Posting here so as not to bork-up the UFO stuff thread.
The old confidence guys like Shermer have while being provably wrong will never, cease to amaze me.
I think he's partly gotta point, but it's NOT "purely a socio-cultural phenomenon" imo.
A totally non-biased map. I'm sure you've seen it floating around. LOL.
The data used to generate this map is pulled from NUFORC, a U.S. based UFO reporting center. What this map shows is the majority of people outside of the US don’t report their UFO sightings to a U.S. based reporting center.
Wiki references Michael Shermer's own book, "Why People Believe Weird Things: Pseudoscience, Superstition, and Other Confusions of Our Time" on pg 295 as a former member. I checked that page and he does talk about that new age group, but no mention that he ever was a member. I'm not about to scan the whole book so who knows. Maybe he once tried to infiltrate the group to learn more about them. Some writers/researchers have been known to do that aside from intel spooks.

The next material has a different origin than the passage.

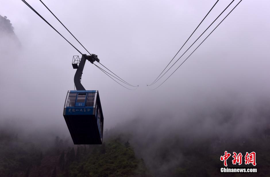 4月23日,重庆市涪陵区武陵山大裂谷景区5A提档升级项目,拥有堪称“亚洲第一陡”峭度的“武陵泰斗”索道迎来首批客人。记者了解到,世界上最高的往复式索道爬坡标准角度为45度,目前该索道坡度已达42.6度,垂直落差约300米,斜长为634米。索道运行时遇上山顶云雾缭绕,犹如置身“仙境”。此外,景区另一风景“天门洞”索桥项目也修建完毕,一横一纵两道天索架于万壑群山中,形成了武陵山大裂谷“天门奇险”的新游线。 黄河 摄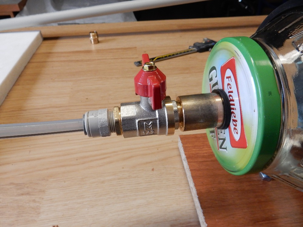 Řešení je opravdu neandrtálské. Mírného zlepšení dosáhneme, pokud mezi plastovou koncovku a prodloužení vložíme kulový uzávěr ½” ve variantě jeden závit ven, druhý dovnitř. V tomto případě můžeme po vyčerpání vzduchu ventil uzavřít a podtlak ve sklenici lépe udržet. Problémem ovšem stále zůstává nemožnost tlak sledovat a problém je i s vypuštěním podtlaku při otvírání sklenice.

However, he apparently uses/references the magic spell word:
One of my views on the UAP hearing... A new Age religious movement was exploited as a disinformation & psychological warfare tool during the Cold War, and became a much larger religious movement, and to me is being exploited as a disinformation & psychological warfare tool today. Plus a whole lotta money being funneled and cheered on by the defense & media industry and other organizations are also monitoring while benefiting. All of them are human, not all of them are friendly.
In 1952, one month after Orfeo Angelucci started working at Lockheed, he was contacted by a "handsome humanoid saucer pilot" who warned him of the perils of communism. A couple years later another handsome humanoid alien seemingly drugged him in a diner.
In the mid-1950s, a man named Howard Menger and his wife Connie transformed the sleepy town of High Bridge, New Jersey into a mini-Roswell with their thrilling and enchanting stories of alien contact. Close encounters were different back then. Generally, the alien experience was positive and pleasant. Years would pass before reports of alien greys terrorizing citizens with anal probes and nasal implants would become the ufological norm.
Menger, supported by a legion of other so-called "contactees" scattered throughout the country, claimed to be in regular contact with the resplendent "Venusians."
Howard Menger (Feb 17, 1922 – Feb 25, 2009) was an American contactee who claimed to have met extraterrestrials throughout the course of his life, meetings which were the subject of books he wrote, such as From Outer Space To You and The High Bridge Incident. Menger, who rose to prominence as a charismatic contactee detailing his chats with friendly Adamski-style Venusian "space brothers" in the late 1950s, was accepted by some UFO believers.
"The High Bridge Incident: The Story Behind The Story" (1991) By Howard and Connie Menger.
Excerpt from the Ebook Chapter 8:
UFO experiencer Donald Shrum worked for Aerojet Engineering Corporation, which was co-founded by Jack Parsons.
Frank Malina, friend of Jack Parsons was Aerojet’s Treasurer. His son Roger is married to Ghislaine Maxwell’s sister, Christine. Crazy connections in the Occult science world
"Aliens" love the MIC...
15 years before Donald Shrum’s story, another Aerojet employee, Daniel Fry, (lesser known contactee) claimed to have multiple encounters with an alien who took him aboard his ship & told him about Atlantis & Lemuria. He failed a polygraph test and it was determined (don't know about proven, didn't look that far) by various UFO researchers that his UFO 16mm film footage was faked.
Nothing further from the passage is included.